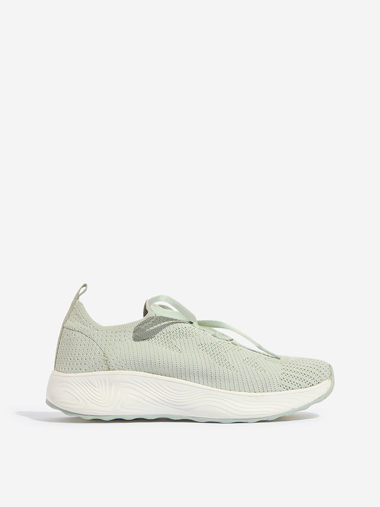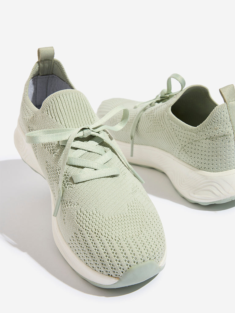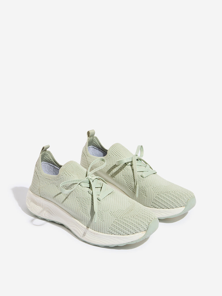 LUNA BLU Light Sage Knit-Textured Lace-Up Shoes
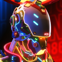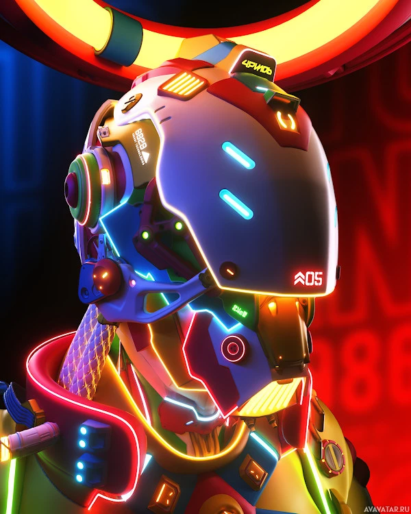 advanced technology designed for communication or sensory functions. The color scheme includes vibrant hues like neon blues, purples, and yellows, which add to
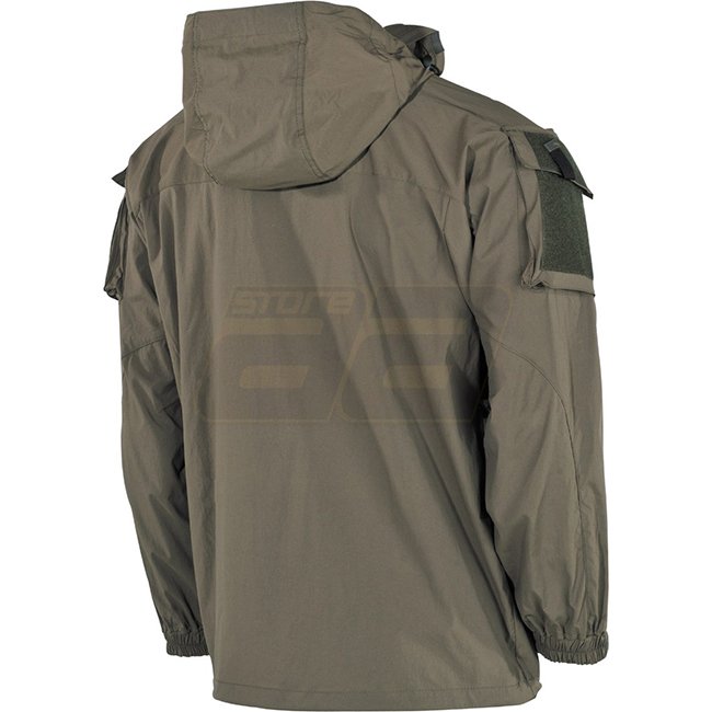 US PCU PROTECTIVE COMBAT UNIFORM waterproof, windproof, breathable concealed zip with press buttons chest pocket with zip sleeve pockets with flap and velcro both with velcro panels hood with drawstring and cord stopper velcro panel on the back of the hood velcro panel on the chest 2-way pit-zip vents sleeve ends adjustable by velcro and drawstrings elbow darts for higher comfort partially net facing inside
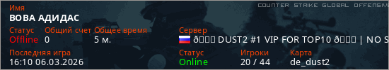 Играет на Counter Strike Global Offensive сервере. Страна: РоссияПервый раз замечен 15:55 06.03.2026
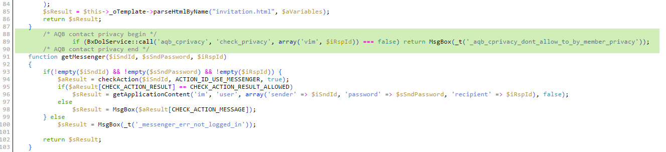 89.  if (BxDolService::call('aqb_cprivacy', 'check_privacy', array('vim', $iRspId)) === false) return MsgBox(_t('_aqb_cprivacy_dont_allow_to_by_member_privacy'));

* **PROBLEM REQUIREMENTS**
Each line of the material goes into your copy unchanged, but no picture does.

* **SOLUTION**
 LUNA BLU Light Sage Knit-Textured Lace-Up Shoes
 advanced technology designed for communication or sensory functions. The color scheme includes vibrant hues like neon blues, purples, and yellows, which add to
 US PCU PROTECTIVE COMBAT UNIFORM waterproof, windproof, breathable concealed zip with press buttons chest pocket with zip sleeve pockets with flap and velcro both with velcro panels hood with drawstring and cord stopper velcro panel on the back of the hood velcro panel on the chest 2-way pit-zip vents sleeve ends adjustable by velcro and drawstrings elbow darts for higher comfort partially net facing inside
 Играет на Counter Strike Global Offensive сервере. Страна: РоссияПервый раз замечен 15:55 06.03.2026
 89.  if (BxDolService::call('aqb_cprivacy', 'check_privacy', array('vim', $iRspId)) === false) return MsgBox(_t('_aqb_cprivacy_dont_allow_to_by_member_privacy'));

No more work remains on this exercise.